Luke 24:50-53

 

The Human Journey Ended (2) – Jesus Withdraws

Luke 24:50-53  -  Jesus Departs for Heaven

50 He led them out almost to Bethany,
lifted up his hands, and blessed them.
51 As he was blessing them,
he parted from them
and was carried up into heaven.

Blessing was the final gesture of the departing Jesus. Despite their failures, slowness of heart, breakdowns of hope and courage, Jesus blessed the disciples. He had not left them alone and unsupported. The power from heaven would be with them.

In the cosmology of the time, heaven was a place, above the vault of the skies and the waters. Luke spoke of Jesus being carried up. However, in the translation from narrative expression to inner meaning, heaven would simply be the experience of resurrected life, beyond categories of place and time.

By means of his appearance stories, Luke had tried to convey a sense of the reality of Jesus’ resurrection. The risen Jesus was real. Resurrection was real. He had done this by his account of Jesus inviting the disciples to touch his hands and his feet, and eating in their presence.

Yet there was also difference. Luke had tried to convey also a sense of dissimilarity by depicting a Jesus 

  • who appeared and vanished at will, irrespective of walls or doors
  • who was at first unrecognised by those who knew him intimately. 

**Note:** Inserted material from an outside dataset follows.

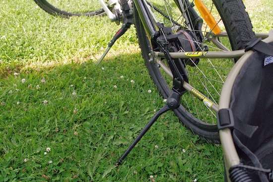 The Aurora’s kickstand can hold the unladen bike, and that’s about it. The Greenfield stand attached to the trailer fork does the job better, and tucks out of the way.

Only when enlightened by faith were the disciples able to confess who Jesus was.

He also wanted to differentiate the experiences of the earliest disciples from the kind of faith experiences that later disciples would have. They were to be witnesses to the truth of resurrection, the ones who could provide the meaning to what the later disciples would experience in faith.

So in his narrative Luke allowed a time period of one whole day for the direct experiences of the first disciples. Then Jesus parted from them and was carried up into heaven. It is this risen (and ascended) Jesus that later disciples would learn to know and love.


One Day or Forty Days

In his companion narrative to the Gospel, his Acts of Apostles, Luke would have the risen Christ remaining with the disciples and forming them over a period of what he termed “forty days”. Obviously the detail was quite insignificant to Luke. What mattered was meaning, not documentary accuracy.

His undertaking to Theophilus was not to give an orderly account from the point of view of historical exactness, but to expose him to the meaning of the mission and person of Jesus, so that he might “know the sound foundation of the catechesis you have received”, in this case, that he might know better the meaning of resurrection (1:3-4).


 
52 They worshipped him
and then returned back to Jerusalem filled with joy.
53 They spent all their time in the Temple blessing God.

Luke’s resurrection narratives had moved from an emphasis on Jesus’ mission to the question of who Jesus really was. The issue had been raised in passing in the earlier narrative, but had not been dealt with in depth. He had spoken of himself as Son of Man, and had generally avoided the title Messiah. Both titles referred more to his mission than to his person.

Now the narrative stated explicitly that the disciples worshipped him. The title Lord used of him not long before now took on added significance. In raising Jesus, God had made him Lord. Without explicitly stating the fact, perhaps Luke intended his readers to see that the sending of the power from on high would be the work not only of God but also of Jesus himself.

They returned to Jerusalem filled with joy.

Early in the story the Baptist leapt with joy in the womb of Elizabeth. Mary's spirit was filled with joy at God her Saviour. Elizabeth’s neighbours had rejoiced with her when her child was eventually born. At the birth of Jesus, the angelic choir brought good news of great joy to the shepherds.

Jesus rejoiced in the Holy Spirit when the disciples returned from their early mission around Galilee.

Now the disciples’ mission to all the nations would begin likewise with great joy, overwhelmed as they were by their insight into the heart of their God. They could not but bless the God who had raised Jesus from the dead.

The disciples spent all their time in the temple. Jesus had exercised his ministry within the confines of Judaism. He had deeply disapproved of how what was once a beautiful system had become exclusive and oppressive. He had criticised the corrupted temple structure and all it represented; yet he continued to work within it. By the time that Luke wrote, the temple had been destroyed. That the disciples worshipped there may have seemed of historical interest, but it had no further meaning.

The narrative had begun with Zechariah in the temple. It finished with the disciples in the temple. It would move on from there. The journey to Jerusalem had finished with crucifixion and with resurrection. It would continue spiritually in the hearts of the Christian community and of every disciple as they moved out to all the nations, translating the message and mission of Jesus to every culture and age.